*DATASET SECTION*

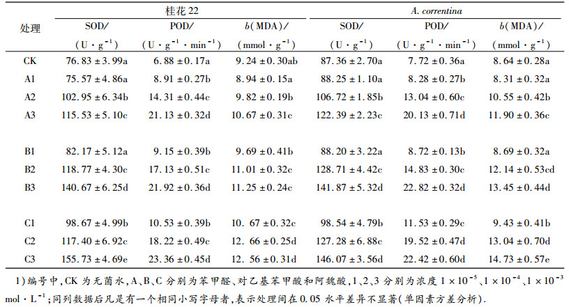 由表 3可以看出, 苯甲醛、对乙基苯甲酸、阿魏酸处理的桂花22和A. correntina幼苗叶片的SOD酶活性、POD酶活性和MDA含量与对照相比均有不同程度的增加, 说明花生幼苗受到了胁迫, 从而引发了抗氧化反应.与对照相比, 低浓度的苯甲醛处理(1 × 10-5mol·L-1)对A. correntina叶片的SOD酶活性、POD酶活性和MDA含量以及桂花22叶片的SOD酶活性和MDA含量增加幅度较小, 而1 × 10-4和1 × 10-3mol·L-1乙基苯甲酸、阿魏酸处理的2个花生品种叶片SOD酶活性、POD酶活性和MDA含量均表现出不同程度的上升趋势, 且高浓度处理(1 × 10-3 mol·L-1)与对照差异均达显著水平(P < 0.05).
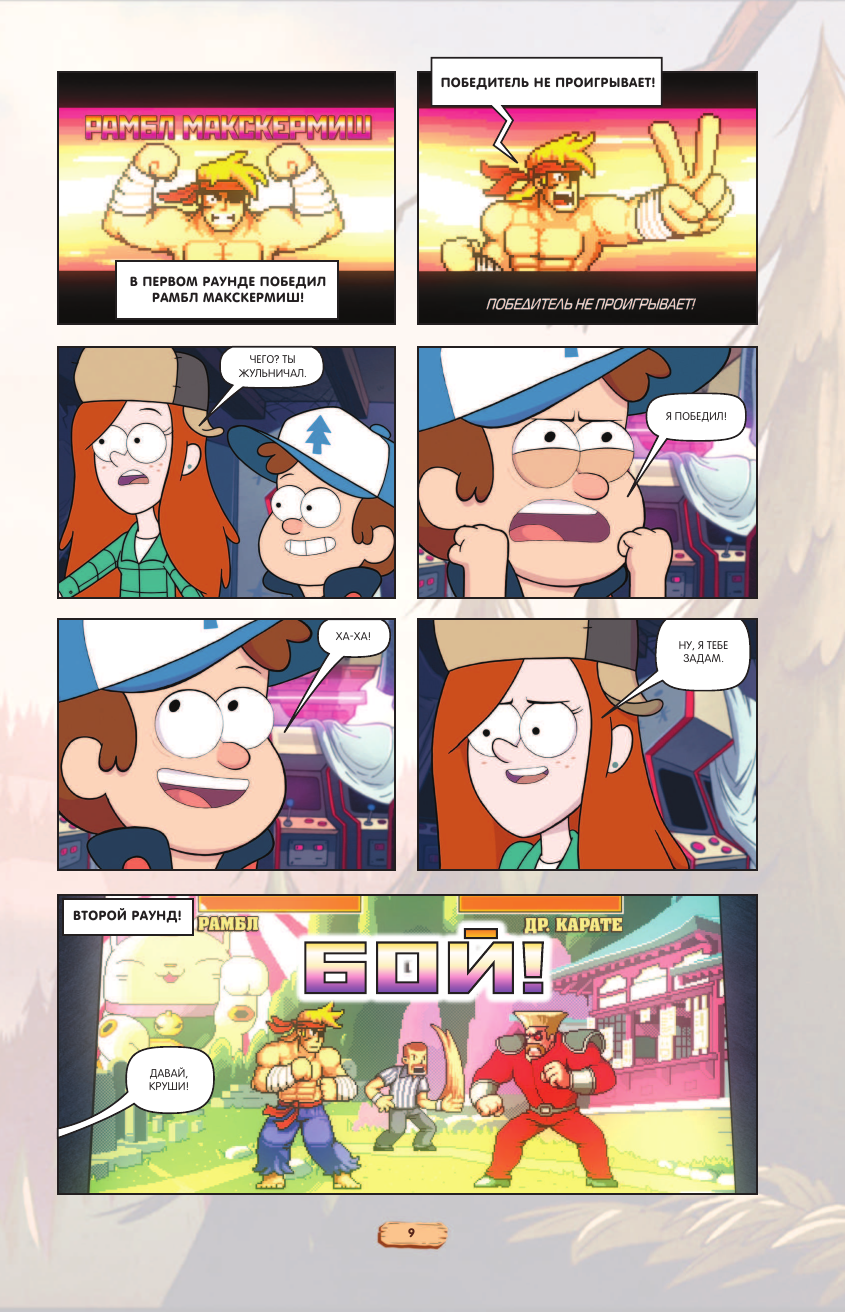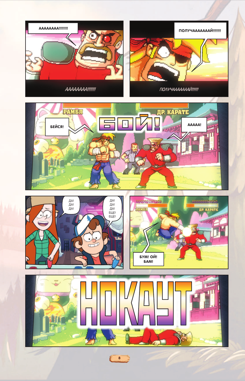 Четвертый выпуск культовых комиксов про американских близнецов Диппера и Мэйбл Пайнс. В новом 216-страничном издании нас порадуют очередными тремя историями: "Беги или сражайся" (эпизод 10) о компьютерном персонаже Рамбле Макскёрмише, "Малыш Диппер" (эпизод 11) о волшебном кристалле, увеличивающем и уменьшающем двойняшек и "Летоуин" (эпизод 12) о летоуинском монстре. Последний, к слову, также вышел отдельным выпуском.
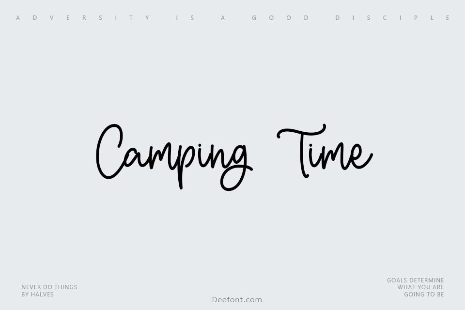 Camping Time is a light, elegant handwritten script font designed by Aldi Raya Pradipta that brings a personal, playful touch to creative projects. Perfect for greeting cards, invitations, stationery, logos, and titles, this typeface combines natural flowing strokes with a semi-light weight that maintains excellent readability. Its charming character makes it ideal for designs requiring a friendly, approachable aesthetic with contemporary appeal.

*YOUR INSTRUCTIONS*
Write out the data again word for word, minus any images.

*EXERCISE OUTPUT*
 由表 3可以看出, 苯甲醛、对乙基苯甲酸、阿魏酸处理的桂花22和A. correntina幼苗叶片的SOD酶活性、POD酶活性和MDA含量与对照相比均有不同程度的增加, 说明花生幼苗受到了胁迫, 从而引发了抗氧化反应.与对照相比, 低浓度的苯甲醛处理(1 × 10-5mol·L-1)对A. correntina叶片的SOD酶活性、POD酶活性和MDA含量以及桂花22叶片的SOD酶活性和MDA含量增加幅度较小, 而1 × 10-4和1 × 10-3mol·L-1乙基苯甲酸、阿魏酸处理的2个花生品种叶片SOD酶活性、POD酶活性和MDA含量均表现出不同程度的上升趋势, 且高浓度处理(1 × 10-3 mol·L-1)与对照差异均达显著水平(P < 0.05).
 Четвертый выпуск культовых комиксов про американских близнецов Диппера и Мэйбл Пайнс. В новом 216-страничном издании нас порадуют очередными тремя историями: "Беги или сражайся" (эпизод 10) о компьютерном персонаже Рамбле Макскёрмише, "Малыш Диппер" (эпизод 11) о волшебном кристалле, увеличивающем и уменьшающем двойняшек и "Летоуин" (эпизод 12) о летоуинском монстре. Последний, к слову, также вышел отдельным выпуском.
 Camping Time is a light, elegant handwritten script font designed by Aldi Raya Pradipta that brings a personal, playful touch to creative projects. Perfect for greeting cards, invitations, stationery, logos, and titles, this typeface combines natural flowing strokes with a semi-light weight that maintains excellent readability. Its charming character makes it ideal for designs requiring a friendly, approachable aesthetic with contemporary appeal.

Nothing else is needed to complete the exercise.